Four women were honored March 4 at the Campus Y with the University Award for the Advancement of Women.
The awards, created in 2006, honor individuals who have mentored or supported women on campus, elevated the status of women or improved campus policies for them, promoted women’s recruitment and retention or promoted professional development for women.
“Today we have an opportunity to reflect on our community’s journey towards gender equity—where we have been, the progress we are making, where we are going and those people who are helping to get us there,” Chancellor Carol L. Folt said. “Our four award recipients today are stand-out leaders who have taken steps to break down gender barriers and promote the development of women on campus—and beyond.”
This year’s honorees are Sheila Kannappan, associate professor and the associate chair for diversity in the physics and astronomy department; Jackie Overton, training specialist in transportation and parking; Mary Rebecca Shen, second-year medical student at the School of Medicine; and Leslie Morales, a senior majoring in psychology, with a minor in Latina/o studies.
The four winners – one faculty member, one staff member, one undergraduate and one graduate student or postdoctoral scholar are eligible – receive a monetary award ($5,000 for faculty and staff winners, $2,500 for the undergraduate and graduate student winners).
Kannappan provides hands-on experience for graduate students through the Computational Astronomy and Physics Research Experiences for Undergraduates program she has led since 2011. As faculty adviser to the undergraduate Women in Physics club since 2013, Kannappan has provided valuable mentorship for women students. At the graduate level, she led a diversity-focused overhaul of recruiting, admissions and retention in 2013-15, including coordinating a new first-year advising plan beginning in 2014.
Before joining Carolina, Kannappan was a 9th grade teacher in the North Carolina public schools (1991-93) through Teach For America. She earned her master’s degree in the history of science and her doctorate in physics from Harvard in 2001. She completed two postdoctoral fellowships at the University of Texas at Austin (2001-07).
At Carolina, Kannappan is the principal investigator of the RESOLVE (REsolved Spectroscopy Of a Local VolumE) Survey, which aims to provide the first comprehensive census of gas, stars and dark matter in a cosmologically significant volume of the nearby universe.
Overton serves on the board of the Association for Women Faculty and Professionals and the steering committee of the Carolina Black Caucus. As the first African American to chair the Employee Forum (2010-13), she advocated for housekeepers experiencing sexual harassment and was instrumental in improving their workplace conditions. She spoke eloquently on behalf of staff at two University Days.

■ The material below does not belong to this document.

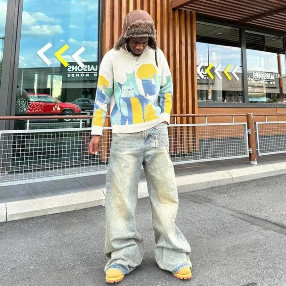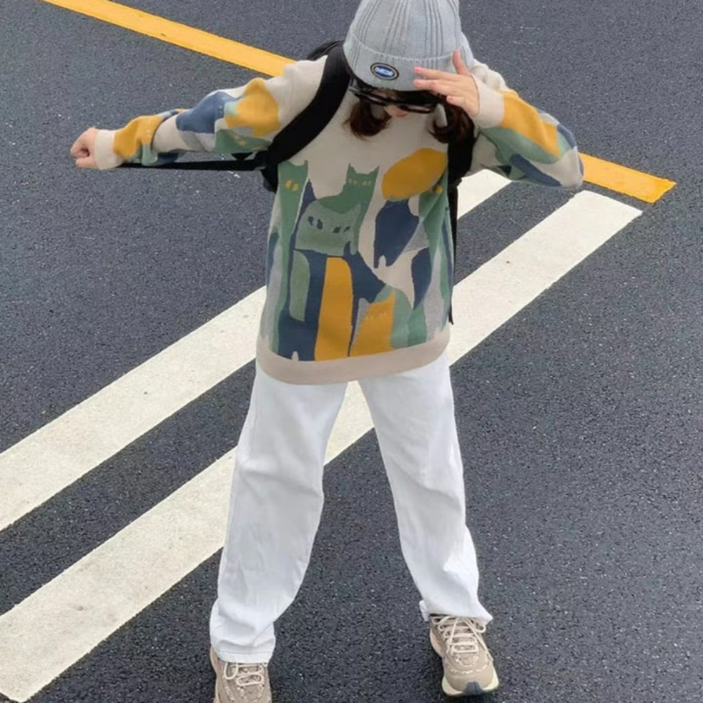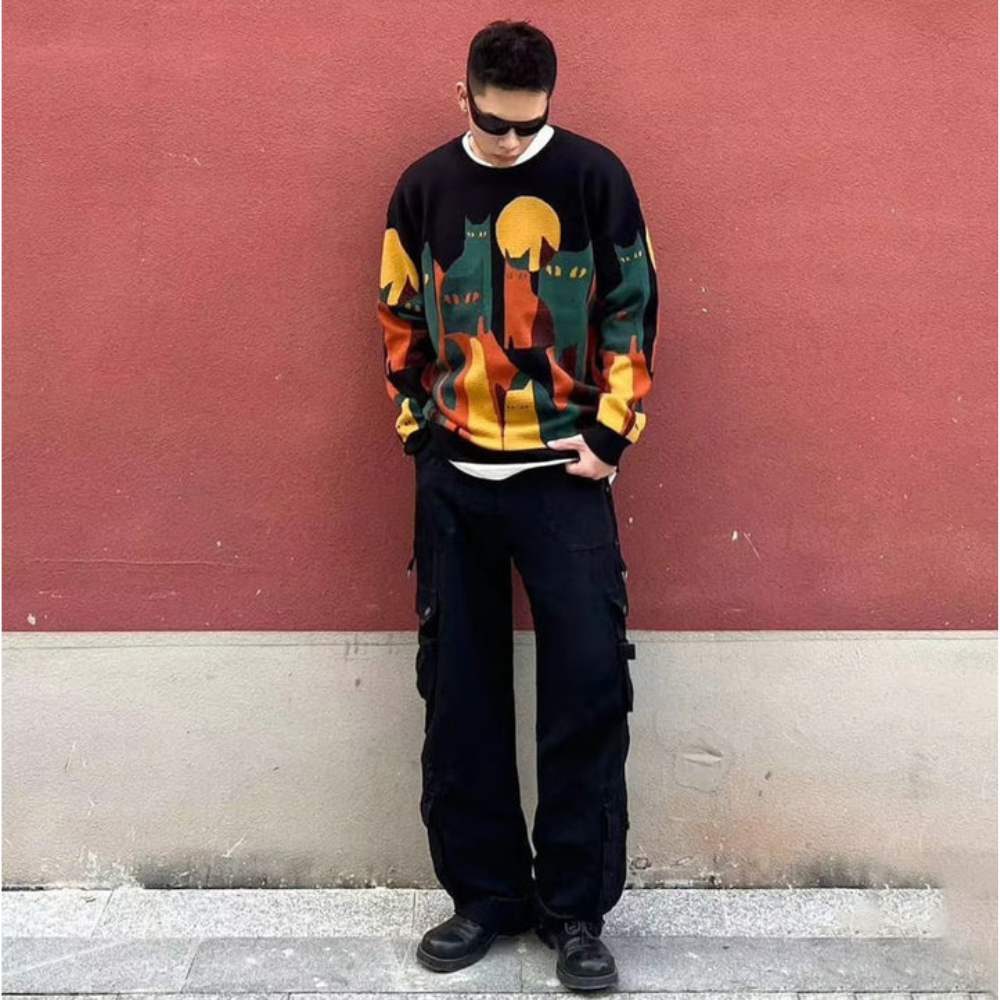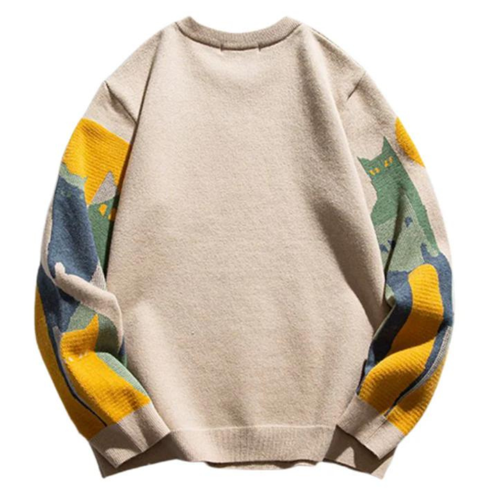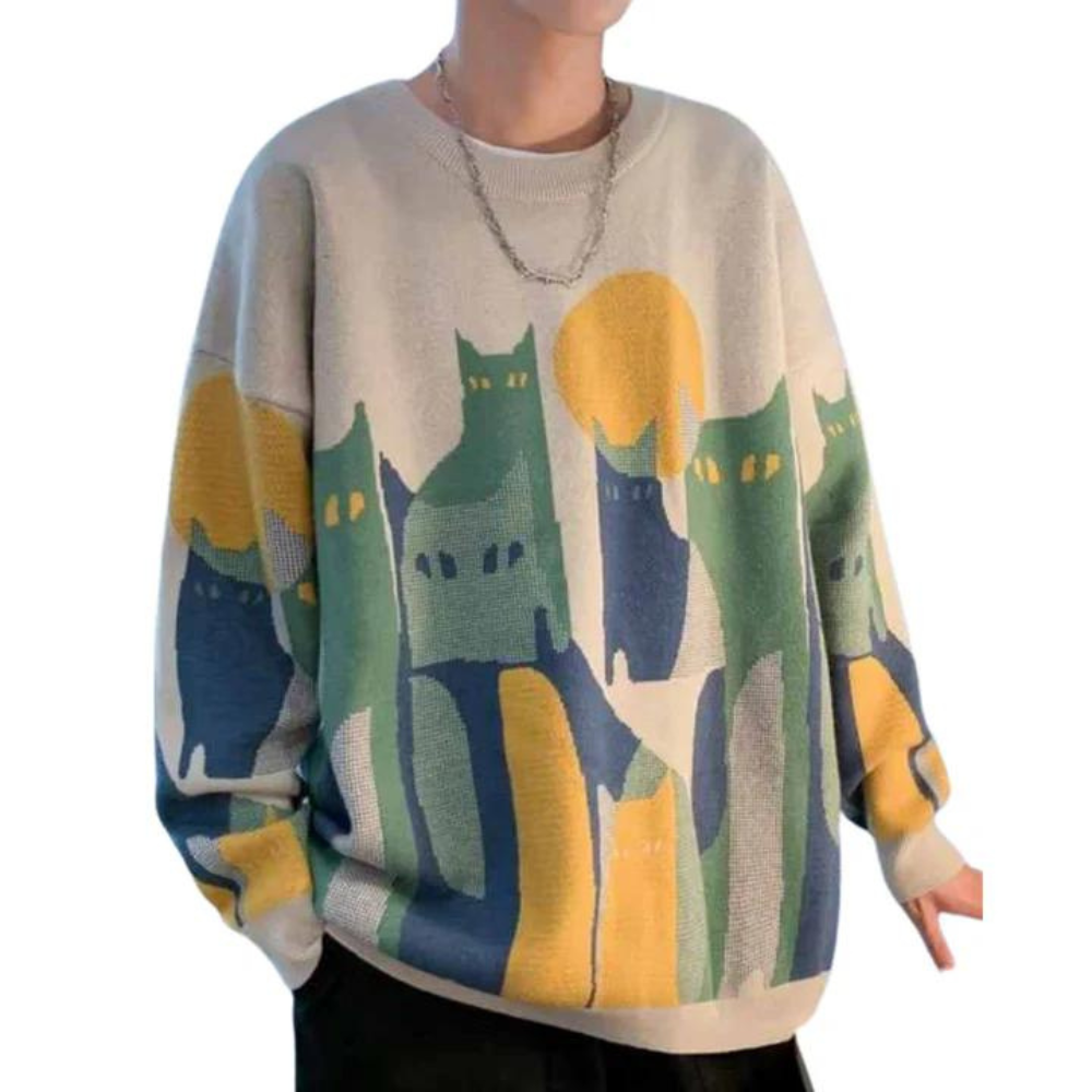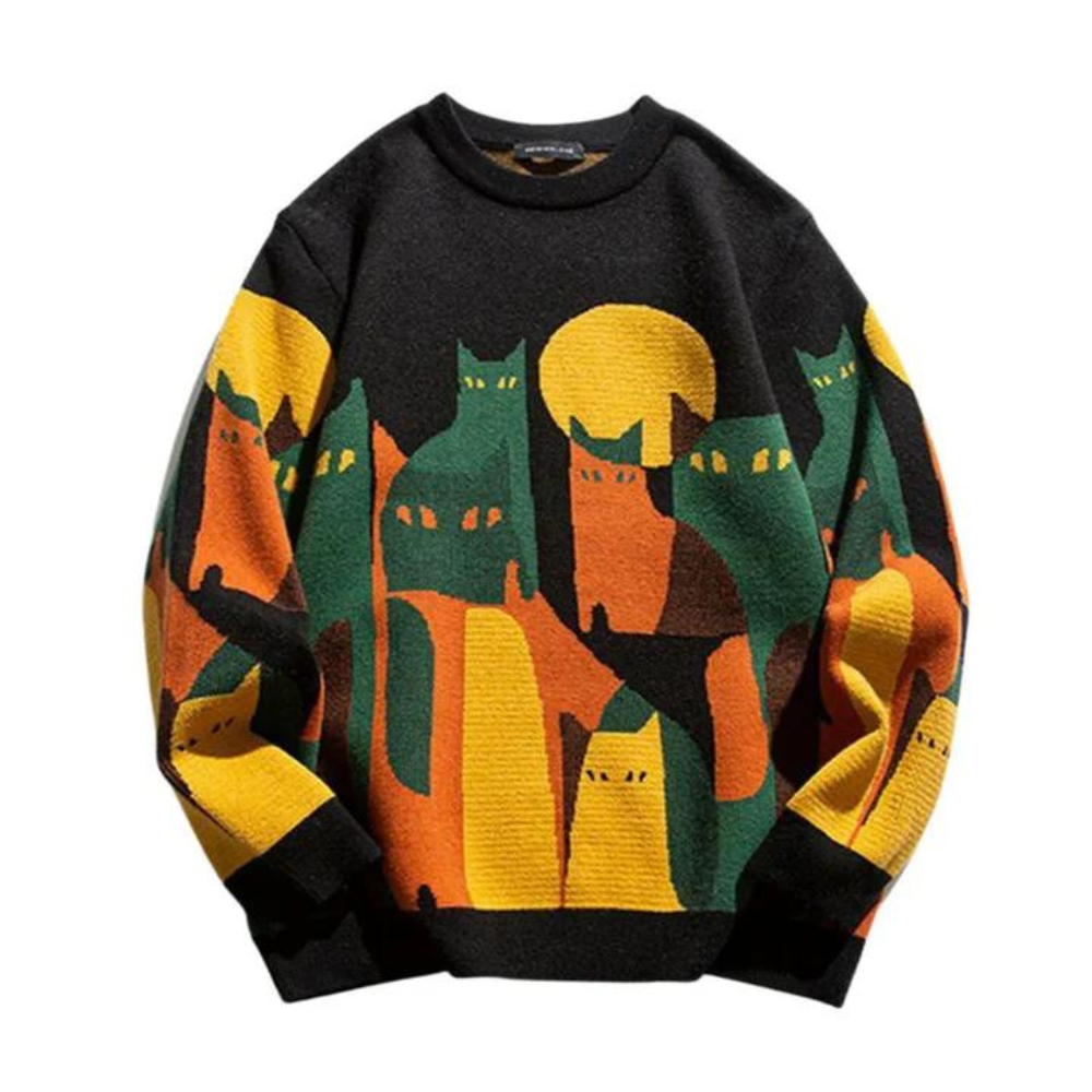 This Vintage Cat Knitted Sweater is the perfect addition to any cat lover's wardrobe. Made from high-quality wool and acrylic blend, this sweater is soft and comfortable to wear. The knitted design features these cute vintage cat patterns, complete with colorful eyes and body, that will make you stand out from the crowd.

Overton, who hails from Hertford, has been part of the Tar Heel family as both a student and an employee. She earned a bachelor’s degree in psychology with a minor in African American studies, a master’s degree in education and counseling, and a graduate certificate in nonprofit leadership. She has been named a Chapel Hilll-Carrboro Home Town Hero twice (2013, 2015) and earned a list of campus honors: Order of the Old Well, UNC Star Heels Award (2001, 2006, 2012), UNC Unsung Hero Award (2010), C. Knox Massey Award (2012) and the inaugural Kay Hovious Outstanding Forum Delegate Award (2013).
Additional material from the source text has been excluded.